Simple example on how the API works

In [2]:
# Define a list of SMILES strings
smiles_list = ["CCO", "C1CCCCC1", "O=C=O"]

# Define fingerprint parameters
params = {'fpSize': 2048, 'radius': 2}

# Create an instance of FingerprintCalculator
calculator = FingerprintCalculator()

# Compute fingerprints for the list of SMILES strings
fingerprints = calculator.FingerprintFromSmiles(smiles_list, 'morgan', **params)

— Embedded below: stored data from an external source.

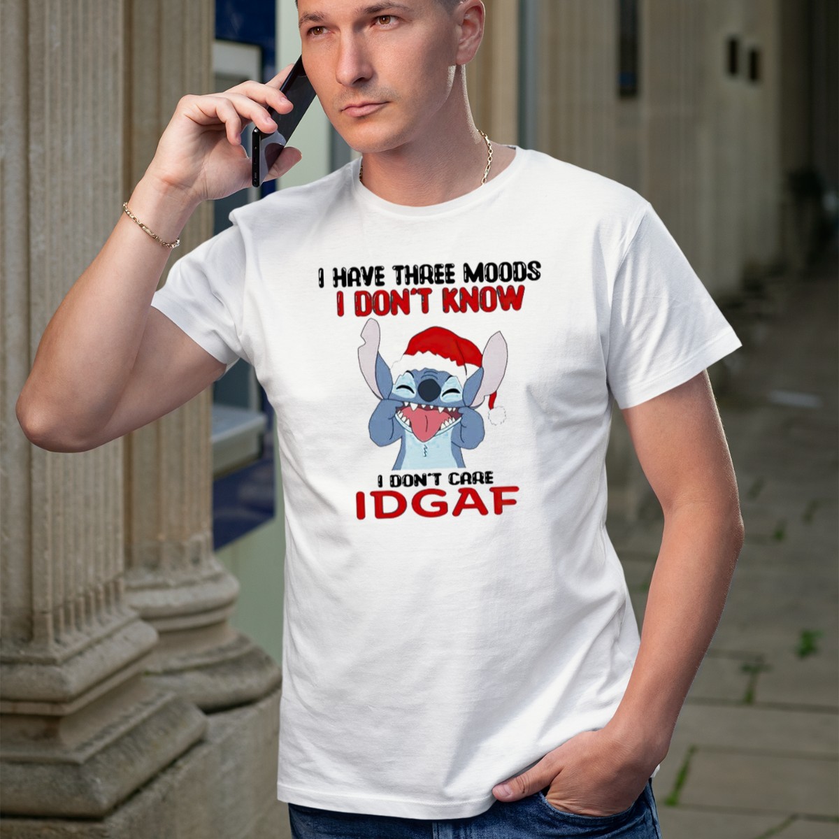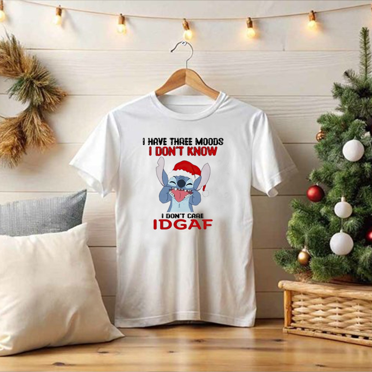 Celebrate the holiday season with a touch of humor and style in our “I Have Three Moods: I Don’t Know, I Don’t Care, IDGAF” Christmas Stitch Santa Hat T-Shirt. Perfect for those who appreciate a witty take on festive cheer, this shirt is ideal for casual gatherings, themed events, or just lounging around during the holidays. Its unique fan-made design, printed right here in the USA, adds a special flair that sets it apart from the rest.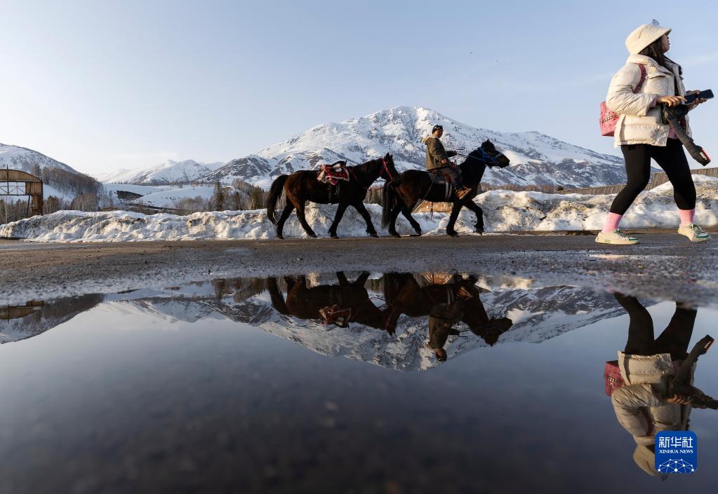 3月29日,一名村民騎馬從旅游者身旁走過。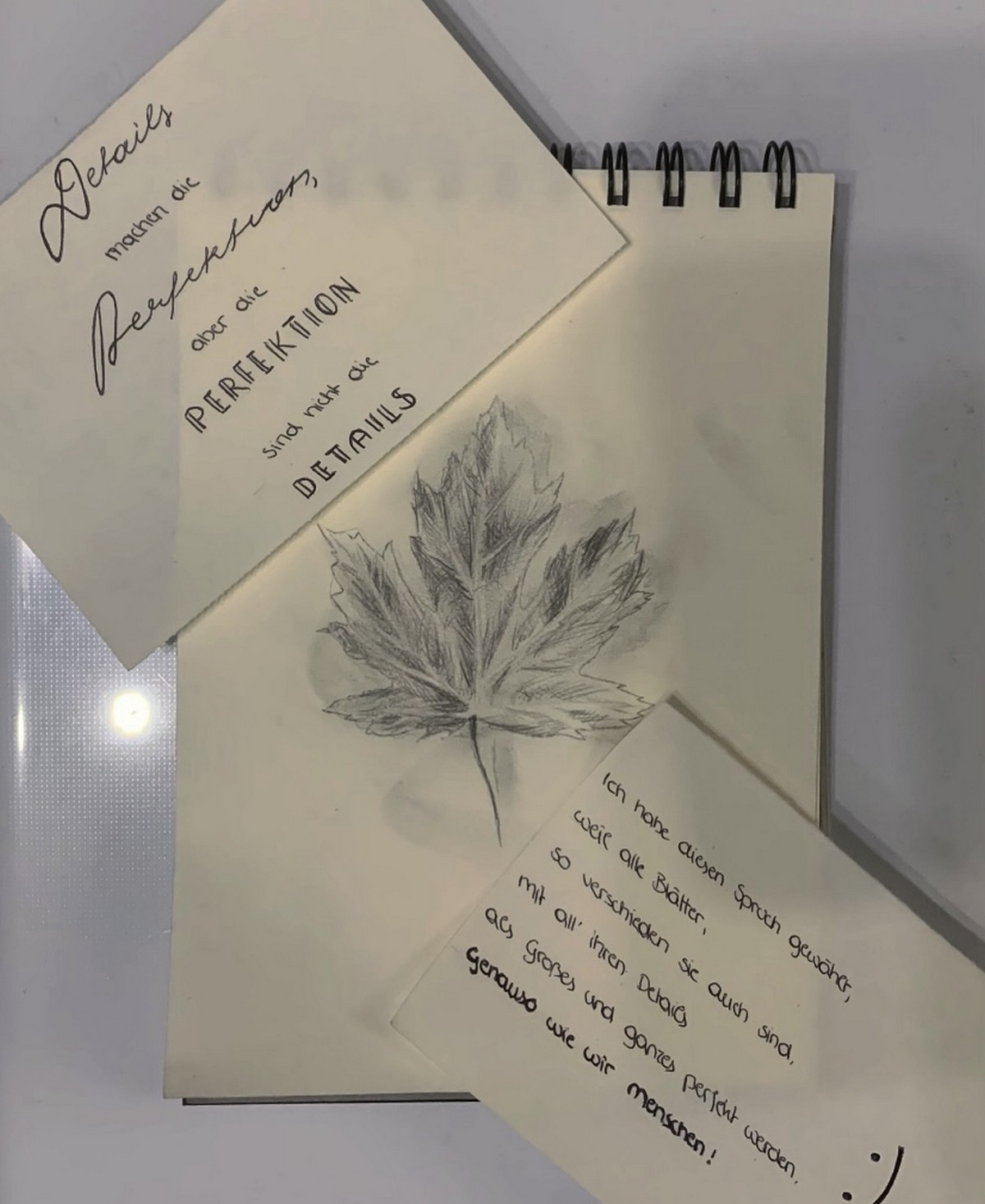 Naturstudium und gegenständliches Zeichnen sind unter anderem Inhalte der Bildnerischen Erziehung in der 2. Klasse. Im eigenen Skizzenbuch, das jede/r Schüler/in in der 1. Klasse auch zur privaten Verwendung von uns bekommt, ließ sich der kleine Arbeitsauftrag aus dem Distance Learning gut umsetzen – Wähle ein Zitat über das Naturstudium und interpretiere es mit einer eigenen Zeichnung, indem du ein Stück Natur draußen zeichnest oder es dir nach drinnen holst und es „studierst“ (Maßverhältnisse, Aufbau, Oberflächenbeschaffenheit, das „Wesen“ erfassen und zeigen).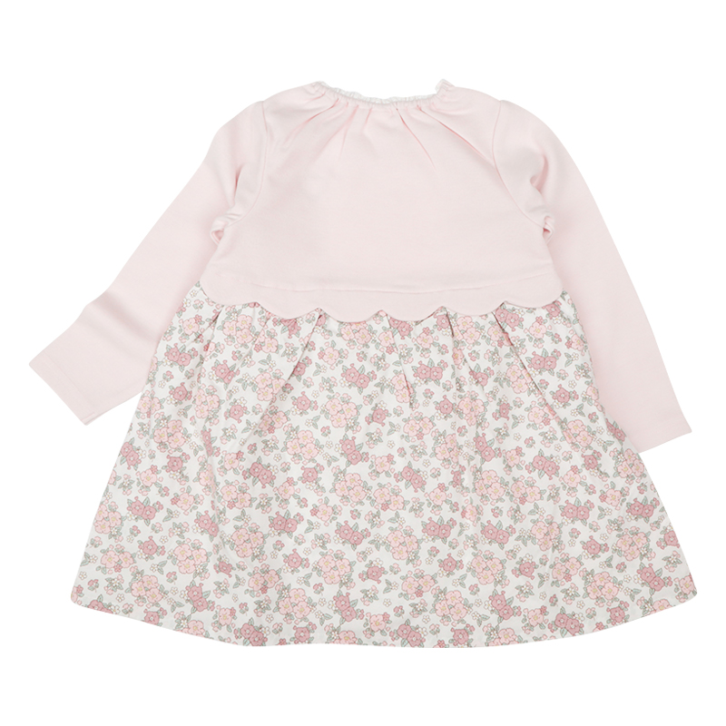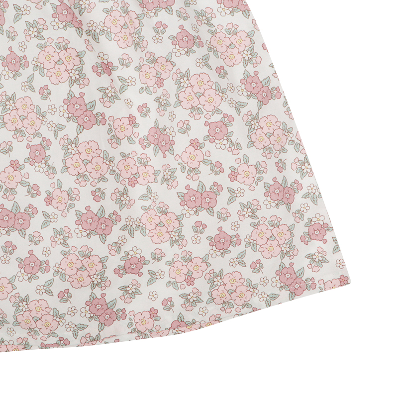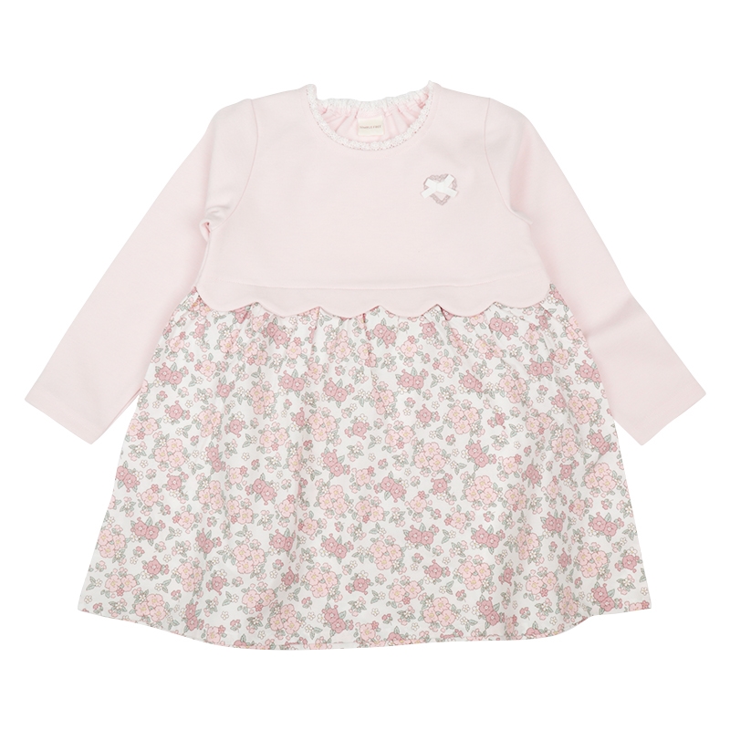 トップスはポンチ素材、スカート部分はやわらかいブロード素材を使用したワンピースです。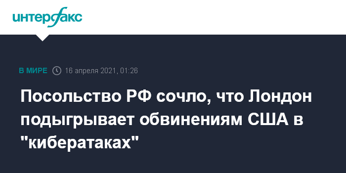 Москва. 16 апреля. INTERFAX.RU - Великобритания не предоставила никаких доказательств причастности Москвы к "вредоносной кибердеятельности" в отношении Вашингтона, заявили в четверг в посольстве РФ в Лондоне.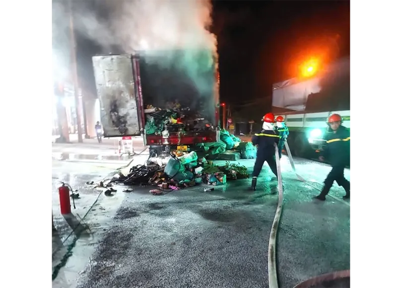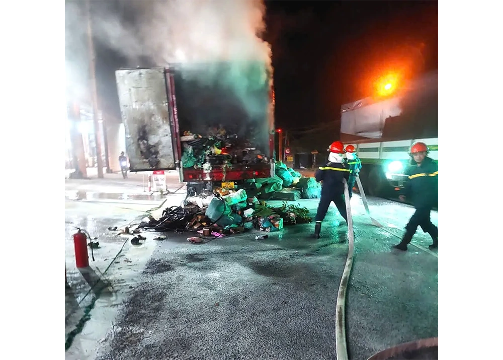 Kịp thời dập tắt vụ cháy xe tải chuyển phát nhanh và nhà dân

# Display the shape of the output fingerprint array
print(f"Fingerprints shape: {fingerprints.shape}")
print("Fingerprint 1", fingerprints[1])

Fingerprints shape: (3, 2048)
Fingerprint 1 [0 0 1 ... 0 0 0]


How to use the API for loading fingerprints in chunks

In [5]:
# Import iterator method
ds = DataStreamer()

chunksize = 1_230
smiles= ds.parse_input(input_path='../data/data_lite.txt', chunksize=chunksize)
print(type(smiles)) # This is only the generator, in order to get each chunk of data we need to iterate

count = 0
for smiles_chunk in smiles:
     count += len(smiles_chunk)
     calculator.FingerprintFromSmiles(smiles_chunk, 'morgan', **params)
     print(f"\r Fingerprints calculated: {count:,}", end='', flush=True)

<class 'generator'>
 Fingerprints calculated: 10,000

If we want to save each chunk as a separate file -ideal for large chunks that we could use later- then `save_chunk` from the `helper_functions.py`is provided

In [7]:
from spiq.utils.helper_functions import save_chunk

smiles= ds.parse_input(input_path='../data/data_lite.txt', chunksize=chunksize)

count = 0
for idx, smiles_chunk in enumerate(smiles):
    count += len(smiles_chunk)
    fp_chunk = calculator.FingerprintFromSmiles(smiles_chunk, 'morgan', **params)
    save_chunk(fp_chunk, output_dir='../data/', chunk_index=idx, file_format='npy')
    print(f"\r Fingerprints calculated: {count:,}", end='', flush=True)

 Fingerprints calculated: 10,000